* _Recorded information_:
■ ■ ■ ■

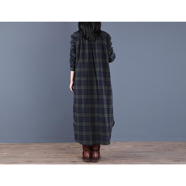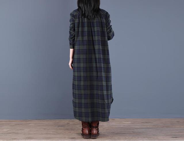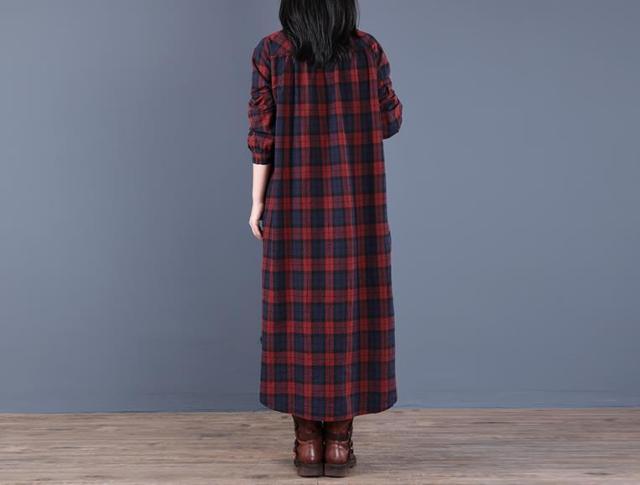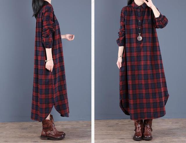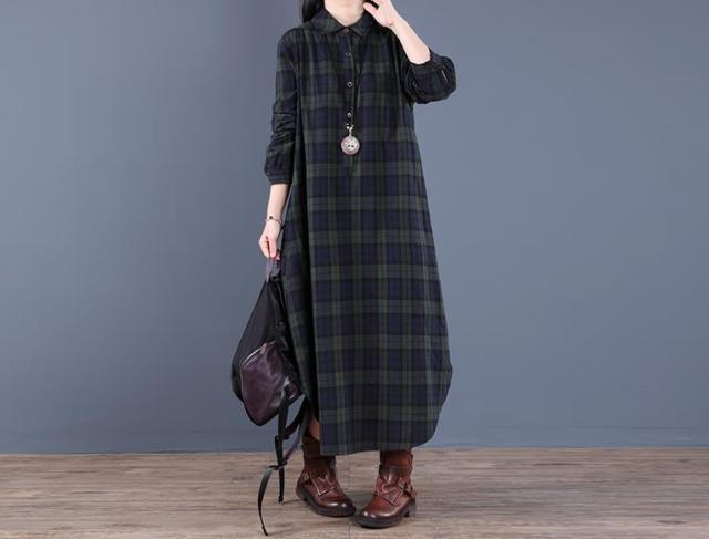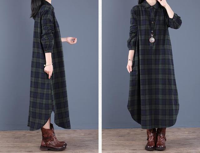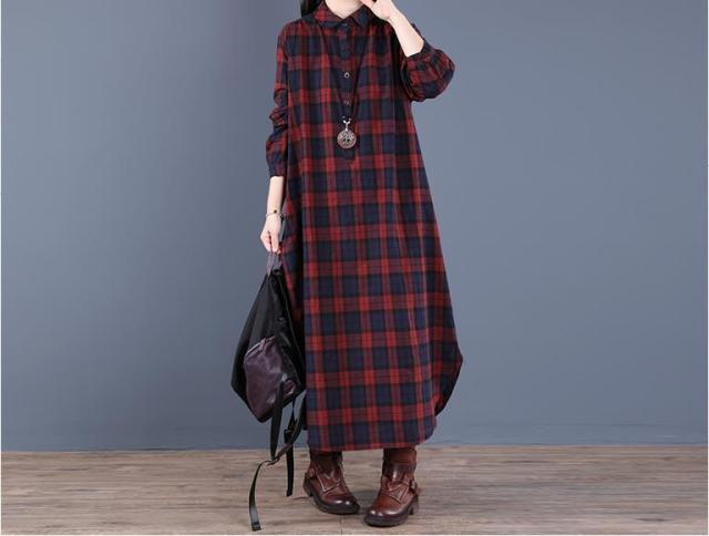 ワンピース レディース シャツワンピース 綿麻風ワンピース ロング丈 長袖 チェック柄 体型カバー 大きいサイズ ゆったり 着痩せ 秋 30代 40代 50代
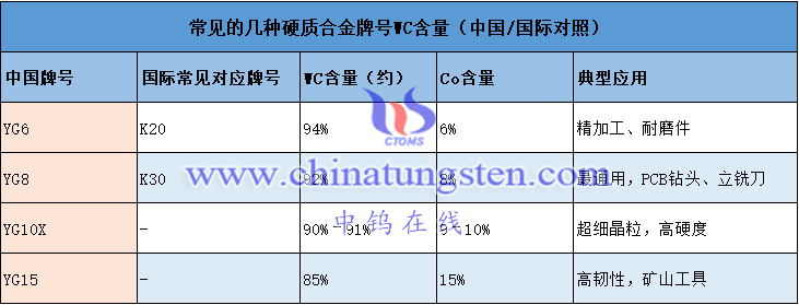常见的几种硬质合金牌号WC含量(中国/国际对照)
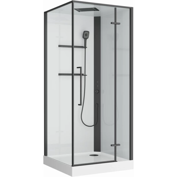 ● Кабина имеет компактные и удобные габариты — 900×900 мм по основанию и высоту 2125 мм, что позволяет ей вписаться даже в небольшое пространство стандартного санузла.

■ ■ ■ ■

* _Work request_:
Without the images, print all of the lines above exactly.

* _Result of the task_:
 ワンピース レディース シャツワンピース 綿麻風ワンピース ロング丈 長袖 チェック柄 体型カバー 大きいサイズ ゆったり 着痩せ 秋 30代 40代 50代
常见的几种硬质合金牌号WC含量(中国/国际对照)
 ● Кабина имеет компактные и удобные габариты — 900×900 мм по основанию и высоту 2125 мм, что позволяет ей вписаться даже в небольшое пространство стандартного санузла.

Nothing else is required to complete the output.